Sonia Gandhi, and her Marxist kitchen cabinet at the National Advisory Council, may note that they have been roundly beaten in the subsidy game by the government using the guise of “common man”.  While MNREGA and Food Security Act etc require positive acts of Parliament to get through, open ended subsidies like petroleum and fertilizer need positive acts from Government to check.  If government does nothing, as is UPA’s wont, petroleum & fertilizer subsidies will increase merrily while Food Security Act languishes.  NAC has been outflanked by crowding it out of the subsidy trough.

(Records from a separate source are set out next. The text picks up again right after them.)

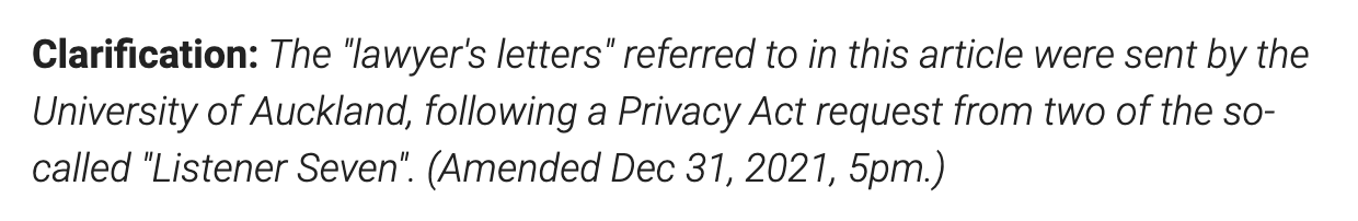 Clarification: The “lawyer’s letters” referred to in this article were sent by the University of Auckland, following a Privacy Act request from two of the so-called “Listener Seven”. (Amended Dec 31, 2021, 5 pm.)
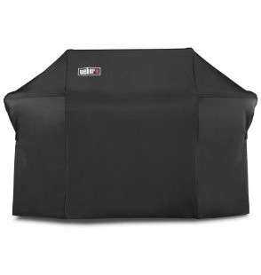 #7132. All weather fabric is has UV inhibitors to resist fading . Water resistant, UV resistant, and breathable, protecting your grill from the elements. Fastening straps added to secure to the grill, preventing the cover from blowing away.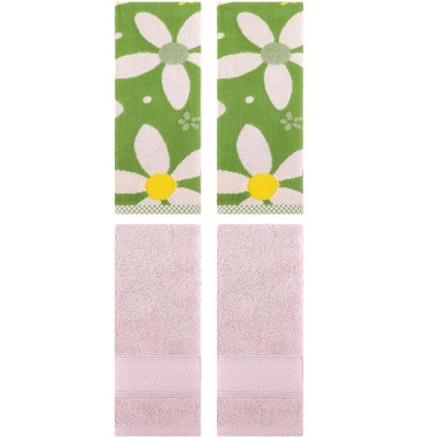 REGALWOVEN 4 Pcs Cute Floral Pattern Soft Absorbent Hand Towel for Bathroom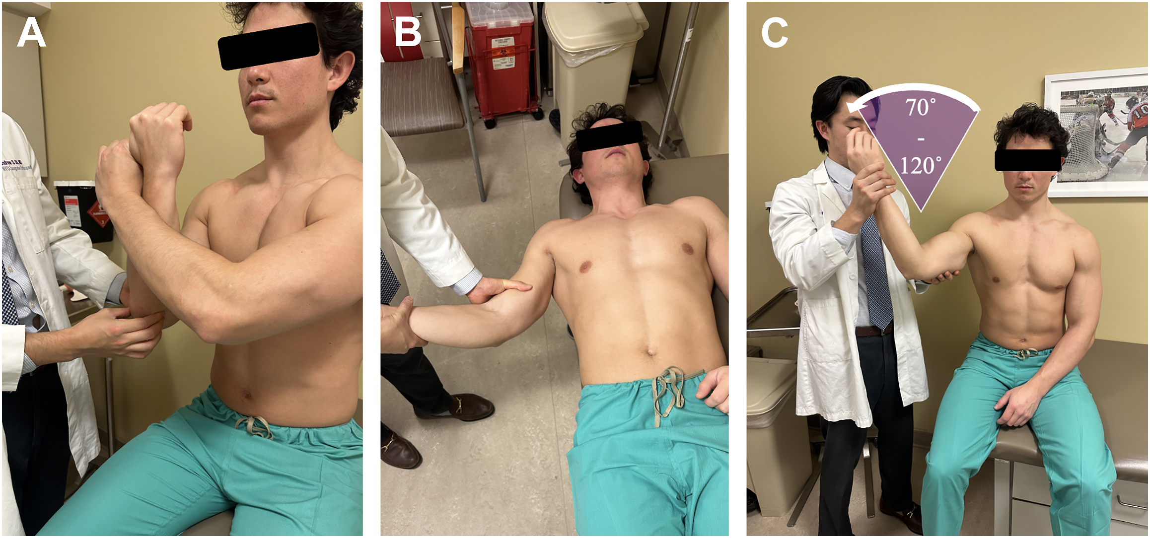Due to deficiencies in the prior examination maneuvers for detecting UCL injuries, particularly partial tears, O’Driscoll and colleagues developed the moving valgus stress test in 2005 to replicate actual stresses involved in the throwing motion. The elbow experience maximum valgus force from 120° to 90° during late cocking and early acceleration, which was the basis for the examination, in which the patient is seated or standing and the shoulder is abducted 90°. The elbow is maximally flexed, and then a valgus torque is applied to the elbow until the shoulder reaches maximal ER, then while maintaining this constant valgus torque, the elbow is quickly extended to about 30° (as expected, patients with shoulder pathology should be treated with caution with this maneuver; see Fig. 2 C). A positive test is both reproducible medial elbow pain and that the maximal pain is produced between late cocking (120° elbow flexion) and early acceleration (70° elbow flexion). This angle of maximal pain was referred to by O’Driscoll as the shear angle , and the total arc of painful motion was deemed the shear range . In the same study, they reported SN of 100% and SP of 75% compared to intraoperative assessment.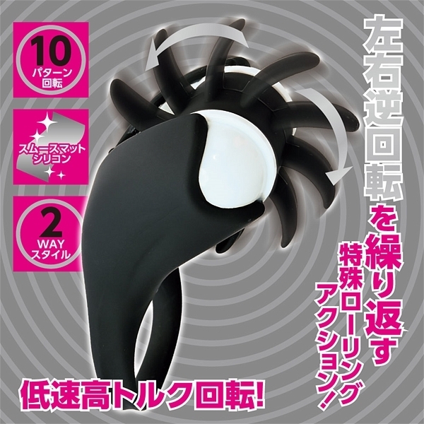 指にはめたり、リングとして着用してク○や乳首を刺激!リバース回転を繰り返す動きを含む10パターンアクション。
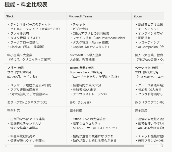 特筆すべきは、料金体系における通貨単位や「1ユーザーあたりの月額・年額」といった細かな条件を漏れなく抽出している点です。人間が複数のタブを開き、各サイトの階層を深く潜って情報を突き合わせる手間が解消されています。

We do not support open ended subsidies of any kind, be it food or unemployment mitigation schemes.  Subsidies should be merely a way of supporting people in training to integrate them into the mainstream economy.  Farmers can well be compensated for higher fertilizer costs through higher support prices for produce.  The reason this is not done is simply because the corporate sector would be deprived of its nest egg in the shape of assured post tax returns on net worth.  Similar is the case of petroleum subsidies and assured post-tax returns to refineries.  While it is difficult to explore the ridiculousness of the government’s assured post-tax return on net worth here, we may note that the formula is open-ended in time.  If a fertilizer plant or refinery’s entire plant is depreciated in say 10 to 15 years, then the subsidy on the same should also end in a similar period of time.  Instead, the subsidy continues in perpetuity!  That is the dirty little secret of assured post-tax return and why the corporate sector loves the scheme.  One wonders why the government has not woken up to the implications.


Subsidies need to be brought down to about 1.50% of GDP immediately if we are to avoid bankruptcy.  The government itself promises to bring subsidies down to 1.90% by the end of 2013.  How that may be accomplished with a looming draught and falling growth rate is uncertain.  We will return to this topic in another article.

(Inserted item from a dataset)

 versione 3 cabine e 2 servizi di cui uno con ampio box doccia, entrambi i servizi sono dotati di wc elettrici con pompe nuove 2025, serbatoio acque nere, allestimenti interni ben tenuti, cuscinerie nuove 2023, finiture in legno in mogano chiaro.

Time Sonia Gandhi, government and the opposition, woke up to the imminent disaster.  Subsidies now total 4.90% of GDP and about 10% of all incremental output is being eaten up by subsidies.  If reforms are not forced through, and petroleum subsidies cut to zero forthwith, the country does not have the reserves to last beyond 2013/14.  Who-so-ever takes over government in 2014 will have a bankrupt economy with no latitude for any maneuver.  If we do not reform now, UPA will follow a scorched earth strategy in the ensuing election year in a bid to garner as many seats as possible.  So it is in the interest of all parties, no matter who wins 2014, to reform now and compete for votes on some other basis.  Stalling reforms is not an option any more.